Course: Agentic AI & GenAI | Previous: Lecture 31 | Next: Lecture 33


Agent engineers usually work above the model:

prompt
  -> tool calls
  -> memory
  -> Gateway
  -> runtime
  -> UI

GPU and systems engineers need to understand what happens below the API:

tokens
  -> embeddings
  -> attention
  -> MLP
  -> logits
  -> sampling

The angelos-p/llm-from-scratch repository is useful because it strips the problem down to a workshop-sized GPT. The project walks through writing a tokenizer, transformer model, training loop, and generation code, then trains a small Shakespeare-style model on a laptop-class machine.

The key lesson for this roadmap:

If you understand the model loop, agent-runtime bottlenecks stop looking mysterious.

Learning objectives

By the end of this lecture, you should be able to:

  1. Explain what a small GPT training pipeline contains.
  2. Understand why tokenization changes the shape of the whole workload.
  3. Map transformer blocks to GPU kernels and memory movement.
  4. Distinguish training-time cost from inference-time cost.
  5. Explain prefill, decode, KV cache, logits, and sampling in practical terms.
  6. Connect model internals to agent system behavior: latency, context growth, streaming, and batching.
  7. Use an from-scratch LLM workshop as a bridge from agent engineering to GPU/kernel engineering.

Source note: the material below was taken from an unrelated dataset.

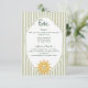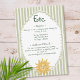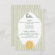 This whimsical coastal wedding details enclosure card features a vintage sun motif, lace border, palm tree, and stylish sage green stripe background. Perfect for a beach or California destination wedding. Created by Simply Farmhouse Press.
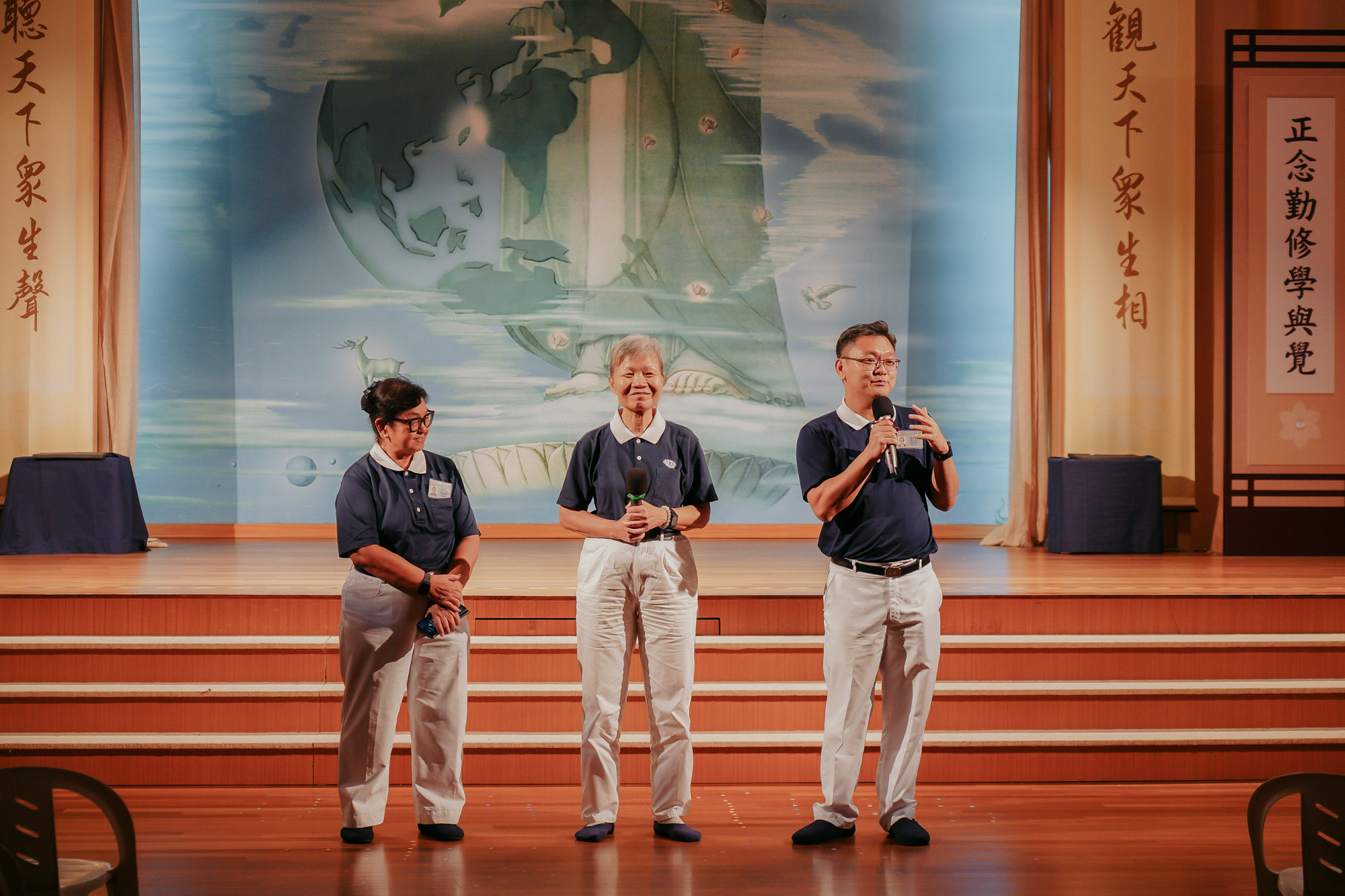 志工们轮流上台分享自己与慈济的因缘。志工陈福龙表示,由于身为德士司机,疫情期间无法工作,在家中观看大爱电视台时,被证严上人和慈济人的故事感动,萌生加入慈济的念头。之后在开德士时,他总会留意慈济的踪迹。皇天不负有心人,某日,陈福龙终于走入新加坡静思堂,受到值班志工余慧铢和黄莉燕接引,从而开始他的慈济旅途。

1. Why this belongs in an agent course

Most agent failures are not caused by attention math.

They are caused by harness, tool, memory, policy, and product issues.

Still, model mechanics matter because agents create unusual inference workloads:

  • long context windows
  • many short turns
  • tool-call interruptions
  • streaming tokens
  • retries and repair loops
  • multiple subagents
  • background cron runs
  • local/edge deployment

If you do not understand the model under the API, you will misdiagnose performance.

Examples:

Symptom Model-level explanation
first token is slow prefill over the full prompt/context is expensive
later tokens stream steadily decode reuses KV cache and generates one token at a time
long sessions get slower attention and KV memory grow with context
batch serving helps throughput multiple requests share GPU work more efficiently
tool-heavy agents feel bursty execution alternates between CPU/IO tools and GPU inference

Agent systems are runtime systems, but their runtime behavior is shaped by transformer inference.

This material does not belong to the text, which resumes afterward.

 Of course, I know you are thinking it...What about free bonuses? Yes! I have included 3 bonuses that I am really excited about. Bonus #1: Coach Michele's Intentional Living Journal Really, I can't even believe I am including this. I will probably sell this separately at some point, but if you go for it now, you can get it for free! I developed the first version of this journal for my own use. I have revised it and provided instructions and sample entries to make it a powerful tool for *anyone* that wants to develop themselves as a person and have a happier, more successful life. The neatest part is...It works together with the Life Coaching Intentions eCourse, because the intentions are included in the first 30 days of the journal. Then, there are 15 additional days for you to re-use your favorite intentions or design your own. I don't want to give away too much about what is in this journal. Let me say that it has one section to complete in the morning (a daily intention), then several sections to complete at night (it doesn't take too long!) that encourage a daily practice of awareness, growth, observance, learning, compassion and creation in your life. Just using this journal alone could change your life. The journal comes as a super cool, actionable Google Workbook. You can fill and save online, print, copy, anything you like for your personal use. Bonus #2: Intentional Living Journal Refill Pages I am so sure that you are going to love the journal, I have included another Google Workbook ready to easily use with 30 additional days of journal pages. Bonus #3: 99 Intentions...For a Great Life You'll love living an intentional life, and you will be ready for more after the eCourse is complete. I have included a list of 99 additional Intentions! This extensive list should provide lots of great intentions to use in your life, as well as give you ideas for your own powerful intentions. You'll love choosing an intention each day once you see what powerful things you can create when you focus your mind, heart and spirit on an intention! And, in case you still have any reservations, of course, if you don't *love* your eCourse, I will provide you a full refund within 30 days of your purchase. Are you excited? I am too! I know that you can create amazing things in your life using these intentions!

2. What the reference repo builds

The reference project is a hands-on workshop titled Train Your Own LLM From Scratch.

It targets a small GPT-style model, not a production-scale frontier model.

The project has learners write:

  • character-level tokenizer
  • transformer model architecture
  • training loop
  • text generation and sampling
  • experiments on real data

The repository describes three workshop model sizes:

Config Approx params Layers Heads Embedding dim Example train time
Tiny ~0.5M 2 2 128 minutes
Small ~4M 4 4 256 tens of minutes
Medium ~10M 6 6 384 under an hour on an M3 Pro-class machine

This scale is intentionally small.

That is the point.

You can see every component without distributed training, tokenizer complexity, or cluster infrastructure hiding the basics.


3. Pipeline overview

A minimal GPT pipeline:

raw text
  -> tokenizer
  -> token ids
  -> token embedding + position embedding
  -> repeated transformer blocks
  -> final layer norm
  -> linear projection to logits
  -> loss during training
  -> sampling during inference

Training path:

token batch
  -> forward pass
  -> logits
  -> cross-entropy loss
  -> backward pass
  -> optimizer step

Inference path:

prompt tokens
  -> forward pass
  -> next-token logits
  -> sample/select token
  -> append token
  -> repeat

The same model is used in both paths.

The workload is different.

Training does forward and backward over batches.

Inference usually does prefill once and decode repeatedly.


4. Tokenization is not a detail

The workshop uses character-level tokenization for Shakespeare.

Why?

Because the dataset is small.

A GPT-2-style BPE vocabulary has roughly 50k tokens. On a tiny dataset, many token patterns are too rare for a small model to learn useful structure.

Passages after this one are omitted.